Monday, January 18, 2021

Eating before drinking cures hangover

Food is one of the factors that influences one’s body’s ability to absorb and tolerate alcohol. One of the biggest rules before drinking is always filling up on food before filling up on alcohol.
Junior nursing major Mallory Montanya said drinking excess amount of alcohol can cause alcohol poisoning that can even lead to death.

“Other than that, excess amount of alcohol can cause dehydration, headache, hangover and regret the next day,” she said.

A standard drink is 12 ounces of regular beer (150 calories), 5 ounces of wine (100 calories) and 1.5 ounces of 80-proof distilled spirits (100 calories), according to alcoholscreening.org, a project of the Boston University School of Public Health, a free service of the Partnership for Drug-Free Kids.

Montanya also said people should not drink with an empty stomach because the body absorbs alcohol faster.
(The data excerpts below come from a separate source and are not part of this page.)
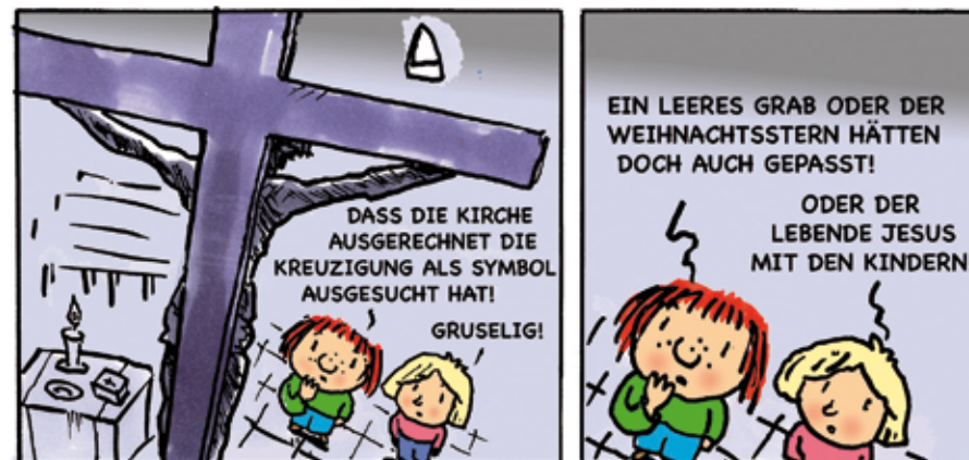
Cartoon: Gemeindebrief Evangelisch
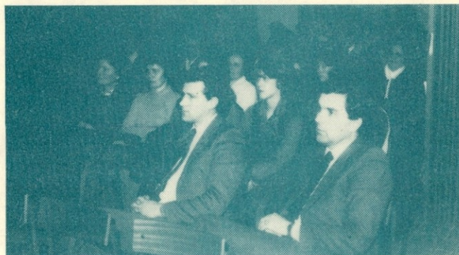
Udeležba na proslavi je bila izjemno dobra
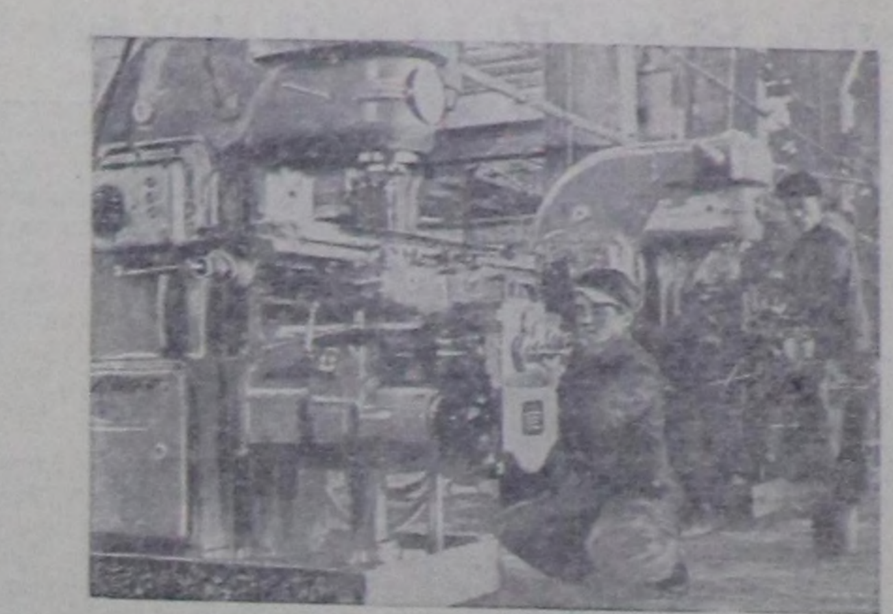
Кыдат Улус Республикасының машина тудушкун заводтары станоктар болган механизмдер бүдүрүштүкүн көөрдөшп, кымып турар машиналарын ас-сортиментини калбарып турар. Чурукта: Цицикарын машина тудушкун заводунуң (Сонгу-Чөөн Кыдатта) бүдүрүп үндүрген чаз вертикал-хошлагчы станоктары.
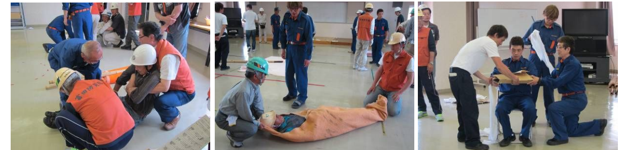
後ろから抱え、両手で左手を握る 毛布で包めば一人でも搬送可能 ダンボールで副木

防災教育センターで主に消防団員が講師になり搬送法・応急手当の研修が行なわれました。要救助者を道具なしで搬送する方法や、毛布を使った搬送法、竹と毛布を組み合わせ、担架を作る方法など実技を行い習得しました。また応急手当ではダンボールを副木とする固定法を学びました。“救助される人の気持ちになって”とのアドバイスがありました。
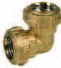
Ref. 0052 Соединение "L"-образный отвод. "L" elbow coupling connector
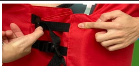
3 腰部兩側扣環，如步驟1操作
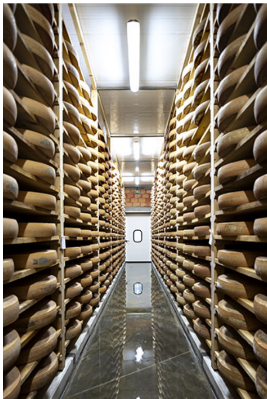
Cave d'affinage : intérieur d'une pièce, depuis le fond. 25, Les Fins, 2 rue du Paradis
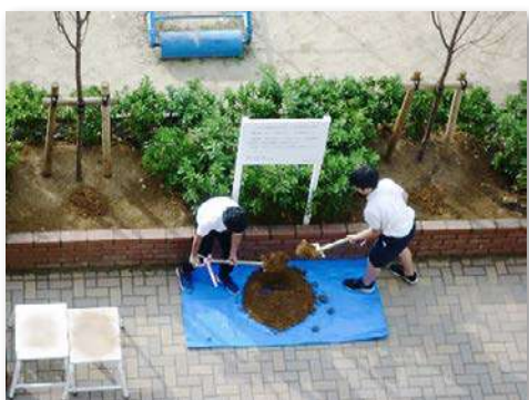
児童代表による記念植樹
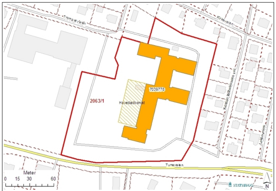
Situasjonskart. Opphavsrett: Statsbygg.

This can lead to intoxication.
“The faster the body absorbs, the faster it goes to your bloodstream,” she said.

Junior communication disorder major Cassandra Mantello said drinking with an empty stomach was the first time and also the last time.

“Before a night of drinking, I would eat bread and drink a lot of water,” she said. “I have learned my lesson that is to drink a lot of water and just stay hydrated in general.”

Montanya suggested people should choose to eat high-carbs food such as bread, potato or bananas because it can help to absorb the alcohol as one drinks it instead of going straight to the bloodstream.

In Elite Daily, an American online news platform, Nutritionist Katherine Brooking recommended people should focus on healthy fats and lean sources of protein, as these will help to slow digestion and the absorption of alcohol.

“Drinking lots of water while you are drinking because you want to try dilute the alcohol, also it helps to get rid of faster and decreases the chance of hangover,” Montanya said.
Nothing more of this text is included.